Assam state was quick to respond.

"I would not mind taking U.S. help," Chief Minister Tarun Gogoi said Tuesday in the state capital, Guwahati. He added, however, that he would have to seek New Delhi's clearance to accept the offer.

Gogoi offered a cease-fire last week to militants from two of Assam's largest ethnic groups, which have been fighting for decades -- one for autonomy, the other for independence.

In Nagaland, the state government and two major rebel groups have a cease-fire in place and budding peace talks.

Some members of the security establishment voiced concern about the ambassador's letter.

"Such an offer should have been made only to the federal government," said a senior intelligence official who requested anonymity. "Besides, we too have excellent explosive experts."

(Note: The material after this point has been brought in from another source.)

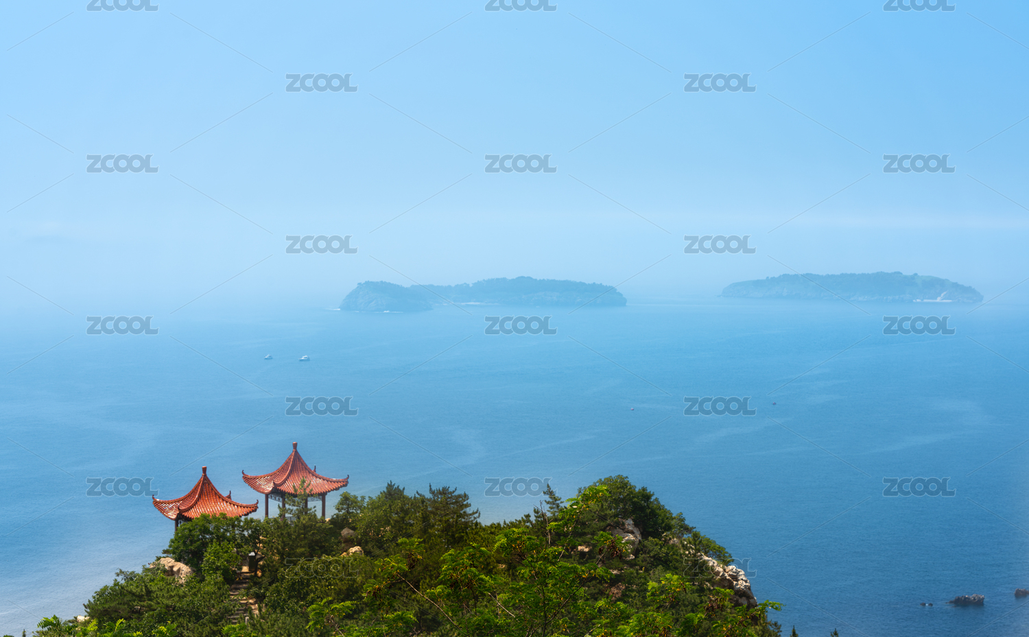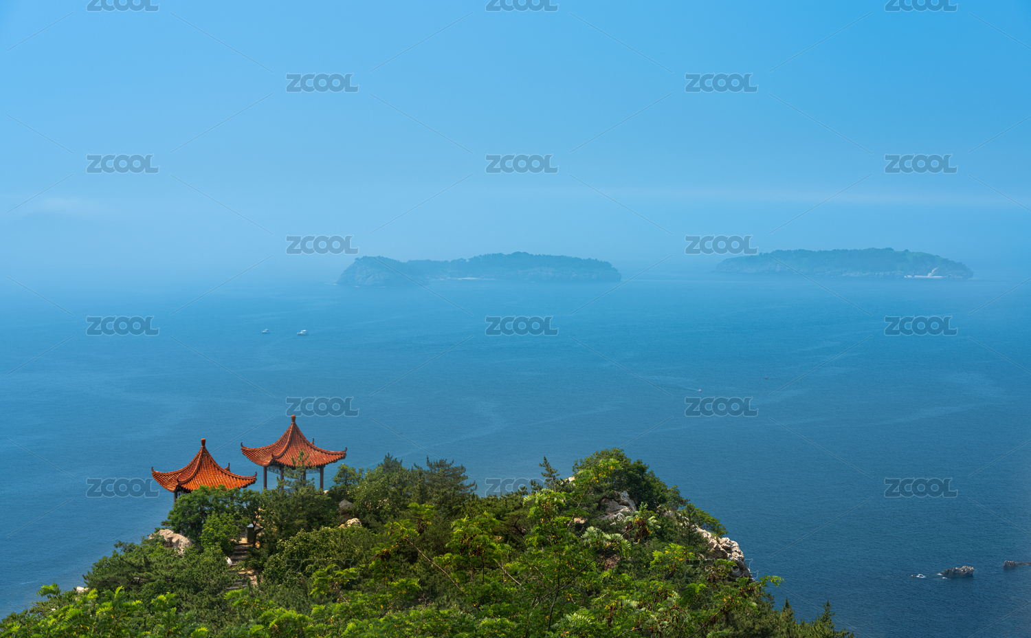 中国大连燕窝岭风景区观海亭遥望西大连岛

Several security officials suggested that the FBI may want to get involved in the investigations to determine, among other things, whether the explosives involved in last weekend's attacks were similar to those set off Aug. 21 at a political rally in neighboring Bangladesh, which killed about 30 people.

"It is believed that the explosives used in several of the Assam attacks were of Arges 84 model," which is commonly used in grenades, said another Indian intelligence official who requested anonymity Thursday. "This explosive was used by the Taliban guerrillas against the U.S.-led forces in Afghanistan, besides during the attack on the Indian Parliament on Dec.13, 2001.

"Since the FBI is already investigating the Bangladeshi rally incident, it is quite natural that they discovered how some of these explosives also [ended up] with northeast Indian terrorists," the official added.

Indian intelligence officials have long maintained that Bangladesh tolerates the presence of Al Qaeda elements that help Islamic militants and ethnic rebels in northeast India.

"As many as 1,500-odd Indian rebels operate out of at least 80 facilities inside Bangladesh," the intelligence official said. "We feel that the FBI, on the whole, is interested to explore the linkages of northeast rebels with Islamic terror groups."